Игорь медленно встал и ввел название трека на виртуальной клавиатуре, которая появилась под его руками, когда он развел пальцы в воздухе. Он так и не решился произнести его вслух.
Кира вошла и дала ему подышать легким снотворным через маску. Его глаза уже слипались, когда она спросила:
– С какого момента будем стирать?
– Все… – хрипло ответил Игорь. – Все целиком. Вы сами увидите. Я не могу сказать.
– Да вы издеваетесь?! Как я тогда пойму, что уже достаточно?
– После поцелуя… – пробормотал он.
– Что?! Я не слышу!
– После поцелуя, – повторил Игорь чуть громче. – Не вашего, – зачем-то уточнил он. – Все, что после поцелуя, можно не стирать, там уже не важное.
Она рассмеялась, но Соколов никак не отреагировал – его сознание путалось, он засыпал под музыку, – и ей ничего не оставалось, как сесть в кресло проводника, закрепить на себе контакты, надеть очки и маску (ее маска была без снотворного, но с расслабляющим энзимом) и погрузиться в сон в летнюю ночь.
Дыхание перехватывало – какое-то тугое темное пространство, похожее на воду, с бело-желтыми огнями, бликующими вдалеке, – кажется, по температуре было всего градусов пятнадцать. Кира резво плыла к призрачным огонькам, пока наконец не высунула голову наверх.
– Вот дерьмо! – ругнулась она, потому что поняла: это оптическая иллюзия.

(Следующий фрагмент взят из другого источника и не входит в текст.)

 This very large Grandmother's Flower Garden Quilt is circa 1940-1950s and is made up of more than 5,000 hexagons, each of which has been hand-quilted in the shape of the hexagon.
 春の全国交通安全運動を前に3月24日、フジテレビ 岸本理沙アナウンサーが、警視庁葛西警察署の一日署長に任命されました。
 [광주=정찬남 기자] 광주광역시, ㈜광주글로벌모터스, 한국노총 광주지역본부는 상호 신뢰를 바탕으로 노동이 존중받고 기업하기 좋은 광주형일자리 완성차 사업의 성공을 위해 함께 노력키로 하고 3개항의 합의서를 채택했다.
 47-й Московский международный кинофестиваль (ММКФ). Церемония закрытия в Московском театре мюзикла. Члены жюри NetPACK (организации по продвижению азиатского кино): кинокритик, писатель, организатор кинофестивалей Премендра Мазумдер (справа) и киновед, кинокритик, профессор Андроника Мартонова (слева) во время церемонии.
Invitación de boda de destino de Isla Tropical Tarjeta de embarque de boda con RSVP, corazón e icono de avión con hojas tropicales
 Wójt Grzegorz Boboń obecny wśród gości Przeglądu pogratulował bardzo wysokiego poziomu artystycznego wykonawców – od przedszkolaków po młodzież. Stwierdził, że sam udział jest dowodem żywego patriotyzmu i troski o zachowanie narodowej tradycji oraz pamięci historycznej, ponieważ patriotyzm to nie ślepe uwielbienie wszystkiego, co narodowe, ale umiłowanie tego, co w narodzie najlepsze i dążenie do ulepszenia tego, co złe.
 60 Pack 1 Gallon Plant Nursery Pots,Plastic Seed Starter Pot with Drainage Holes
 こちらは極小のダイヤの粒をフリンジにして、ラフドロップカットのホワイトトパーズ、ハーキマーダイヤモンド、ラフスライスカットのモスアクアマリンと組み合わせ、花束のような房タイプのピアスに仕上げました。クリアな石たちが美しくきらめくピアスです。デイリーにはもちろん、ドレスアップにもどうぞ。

То, что показалось ей поверхностью, выходом, было дном зеркального резервуара, и она снова нырнула и торопливо поплыла еще быстрее, теперь уже в другую сторону, чувствуя, как ноги сводит от холода. Сознание Соколова все еще сопротивлялось – все-таки пре-сон на то и пре-сон, что все происходит без погружения в глубокие слои, а значит, приходится мириться вот с такими неудобствами. И вот перевернутая вода закончилась, и Кира вынырнула на поверхность круглого, довольного большого озера посреди туманного, седого парка с призрачными деревьями. Над берегами, качаясь на тонких ногах, сияли аккуратные головки фонарей – это их свет она видела из-под толщи озера. Она порядком наглоталась воды, хотелось чихать, но Кира сдержалась и начала грести к берегу. Отдуваясь, она села на берег и огляделась. Это явно был какой-то городской парк, но незнакомый и очень просторный – и, судя по толщине деревьев, старый.
Осторожно скрываясь за кустами и отряхиваясь от воды, как кошка, Кира пошла вдоль берега, ища хоть кого-нибудь живого, пока не увидела метрах в двадцати от себя пару – мужчину и женщину: он высоченный и широкоплечий, она – небольшая, гибкая и тонкогубая, с черными круглыми глазами лани. По ощущениям, во сне было часов десять вечера. Явно не лето: на этих двоих куртки, а в парке больше никого. Кира пожала плечами – воспоминание как воспоминание, только непонятно, кто эти люди.
Она присела и спряталась, продолжая наблюдать, и нажала себе на запястье. Во сне оно было пустым, но в реальности там находился датчик, который управлял захватом воспоминаний. Кира почувствовала легчайшую вибрацию поверхности – кажется, она одна из всей лаборатории ее различала, – это «Капсула» захватила сон и начала его сканировать, чтобы потом замылить и стереть.
Девушка напрягла слух, пытаясь разобрать, о чем говорят люди.
– Аришка, ну ты чего, какой аборт, конечно, я не хотел, чтобы ты его делала. Это так было, помутнение. Подумаешь, в клинику разок съездила, ну потыкали тебя лазером, но ты же умница, вовремя остановилась. А я молодой был, дурной.
«Родители!» – обожгла Киру внезапная догадка. Она дернулась, подавив желание отвернуться и не смотреть, но вдруг увидела стоящего практически у них за спинами маленького черноволосого мальчика. Он держал в руках светящуюся портативную приставку для игр.
Кира зажала себе рот рукой.
Он был таким маленьким, совсем не похожим на себя взрослого. От него – только губы с опущенными уголками и глаза. Оказывается, эти глаза побитой собаки всегда были при нем, даже в детстве.
– Вот как, а сейчас, значит, не молодой? – Арина манко засмеялась и запустила руку мужу под рубашку, щупая живот. – Пузо отрастил? Все?